Separation of Church and States was incorporated into U.S. policy primarily because of religious discrimination is the 1878 Reynolds decision which incorporated the phrase, "separation of church and state" into public awareness.

Reynolds was a Mormon from Utah who had married more than one wife.  Reynolds argued that the First Amendment protections regarding religious freedom allowed him to marry more than one wife.  At the time there was a great deal of concern that, like most original States of the Union, Utah would adopt a State Sponsored Religion, Mormonism.  Massachusetts was the last of the original thirteen States to stop sponsoring a religion in 1833.  At the time of Federal Constitutional ratification most of the States had State sponsored religions.

In order to suppress the possibility of Mormonism becoming a State sponsored religion in Utah, the Justices used circular logic and poor supporting arguments in their opinion.

First, SCOTUS used a law, "Congress shall make no law respecting an establishment of religion" to make a law, "states can't establish a religion" that they were specifically forbidden from making.

Further, SCOTUS used writings of Thomas Jefferson, an individual who was not involved in the writing of the Federal Constitution, concerning the Virgina State Constitution and a personal opinions of Thomas Jefferson written in a personal letter to the Danbury Baptist Association.

Unfortunately, this support means little to nothing for two reasons.  The first is that Jefferson was not involved in the Constitutional Debates recorded in the Federalist Papers.  The second is that the framers of the constitution wrote the First Amendment while the States they represented had State sponsored Religions and those States, Including Virginia, had State sponsored religions at the time of ratification of the Federal Constitution.  We can assume, based on the lack of immediate response by the Federal Government in forcing States to cease religious sponsorship that there was no intent to prevent States from sponsoring religions.  All of the original States did eventually write religious freedom clauses into their State Constitutions, and it is by these State constitutions that State sponsored religion is forbidden.

The Reynolds decision violates the Federal Constitution in two ways.
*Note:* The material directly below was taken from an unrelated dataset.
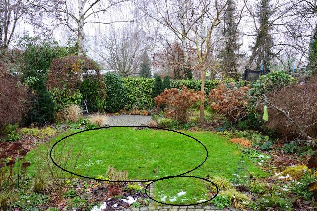 . Und das zu allen Jahreszeiten, soweit ich mich erinnern kann. Wenn du diese Mitte wegnehmen würdest, bräuchtest du ein komplett neues Konzept. Neue Pflanzfläche könntest du aber eventuell dadurch gewinnen, indem du aus dem Rasenquadrat einen Kreis machst, der quasi als Verbindung zwischen der vorderen Pflasterung, die Terrasse nehme ich an, die auch eher rund ist und der hinteren Pflasterfläche liegt. So ungefähr, hab mir dein Bild mal geborgt und ein bisschen rumgemalt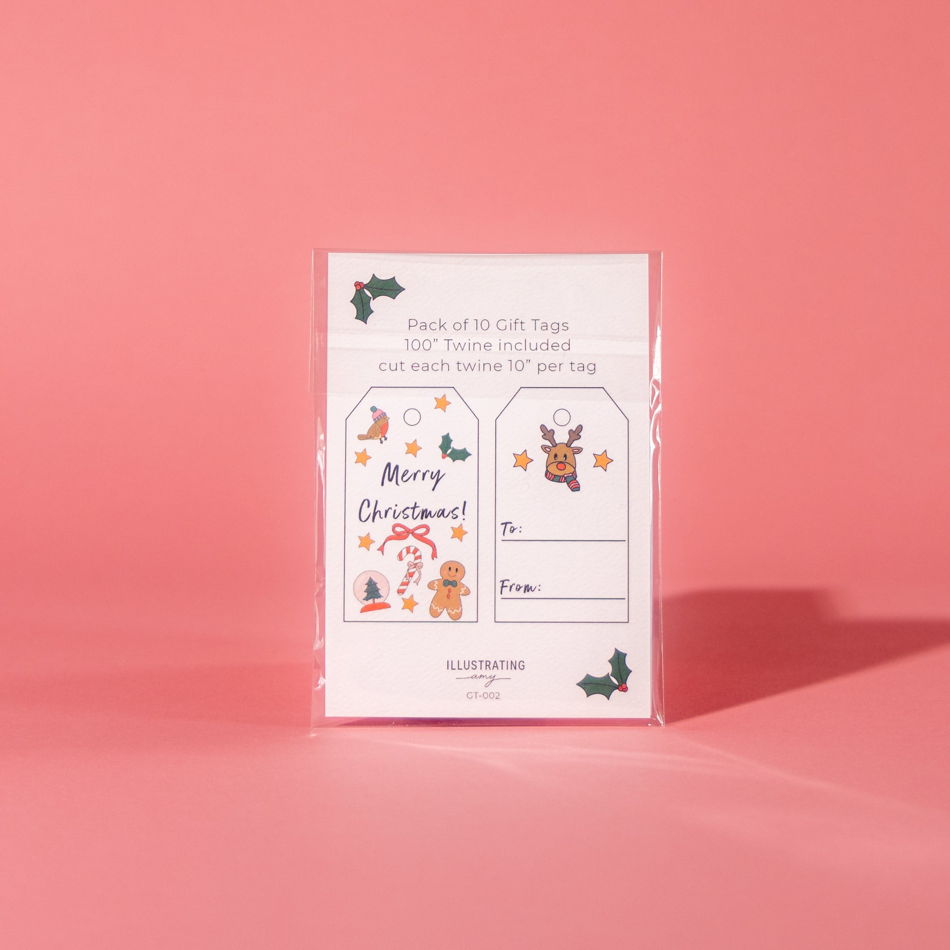 Make your holiday gifts stand out with our Whimsical Christmas Gift Tags. Featuring a delightful “Merry Christmas” message and a variety of charming Christmas icons on the front, these tags add a joyful and festive touch to your presents. The back includes space for a personalized "To" and "From," making each gift extra special. With 100 inches of included twine, you can easily attach these tags to all your holiday packages.

First, it employs circular logic and poor support to subvert the intentions of the First Amendment.  Second, it takes a power specifically reserved for the individual States unto the Federal government, violating the Tenth Amendment.

This was done specifically to prevent Utah from establishing Mormonism as a State sponsored religion and as such the decision violates the intentions of the founding fathers to establish a nation of religious freedoms.

I won't address whether I think this decision is morally right or wrong.  My only point is that this is illogical, illegal and deliberately discriminatory and firmly establishes the influence religious beliefs, both discriminatory religious beliefs and favorable bias.